Arthur Shippee, Dick Hanscom, Harvey Stack and John and Nancy Wilson forwarded links to this post-auction story. I chose one from Newsday. Thanks!
-Editor
Arthur Shippee writes:
I heard this on National Public Radio Friday morning, but they don't seem to have put the notice on their page. A silver Colonial Massachusetts coin from 1652 that was found in a potato field has been auctioned for $430,000.
A rare Colonial Massachusetts silver coin found by an East Hampton woman in an old potato field almost 23 years ago was auctioned for more than $430,000 last week in Baltimore.
The 1652 New England sixpence had been off the market in a private collection for 21 years and was expected to sell for $100,000, but was resold for four times that price, auction officials said.
"We knew it was a very rare coin and we knew it would reach six figures," said Lawrence R. Stack, a senior numismatic consultant for Stack's Bowers Galleries, a Manhattan rare coin dealer and auction house. "And it brought in $431,250, so I guess we did well."
The auction took place at the Colonial Coin Collectors Club annual convention in Baltimore, where there were more than 200 bidders in the room, Stack said. The 360-year-old coin, one of only eight known to exist, was first auctioned for the woman who found it in 1992 by Sotheby's in Manhattan and purchased by Stack's for $35,200.
Stack's then sold it to John "Jack" Royse, 86, who decided a few months ago to put the coin up for sale, along with 102 others, because he wanted to "see them in the right hands" before he died, Stack said. The buyer is a collector who prefers to remain anonymous, Stack said.
Lillian King unearthed the coin using a metal detector in 1990 during one of her regular hunts through a potato field whose location she has not disclosed. King, now 65, had been searching in the frozen field with her boyfriend at the time, now her husband Ronald King, when she made the lucky find. The discovery made national news and even found a place in Ripley's Believe It or Not newspaper strip.
"It makes me think that I wished I had waited to sell it and put it away in a safe-deposit box," said King, adding she used the coin's sale profit to put a down payment on her East Hampton home, bought in 1992. "But I am very happy for whoever bought it. It was a priceless object."
The New England sixpence, one of the first coins minted in the colonies, was commissioned by the Massachusetts Bay Colony. Its design was altered quickly because it was easy to counterfeit.

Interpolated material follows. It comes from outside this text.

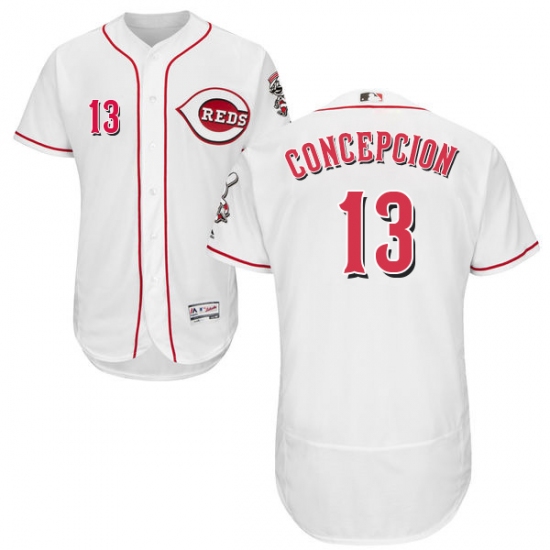 Home>MLB>Cincinnati Reds>Dave Concepcion>Men's Majestic Cincinnati Reds #13 Dave Concepcion White Home Flex Base Authentic Collection MLB Jersey

Other similar coins are in museums such as the American Numismatic Society in Manhattan, the British Museum, the Massachusetts Historical Society and the Newman Money Museum at Washington University in St. Louis -- and others are held by private collections.
"In the colonies, they were trying to make it easier for commerce to happen," said Stack, adding the sixpence is roughly the size of today's nickel. "As the society evolved, they needed a currency."
Stack said the coin was minted just three decades after the original Thanksgiving was held between the pilgrims and American Indians in Plymouth, Mass., in 1621.
"The coin is about as Thanksgiving as it gets," Stack said. "Back then, they probably bartered, 'My coin for your turkey.' "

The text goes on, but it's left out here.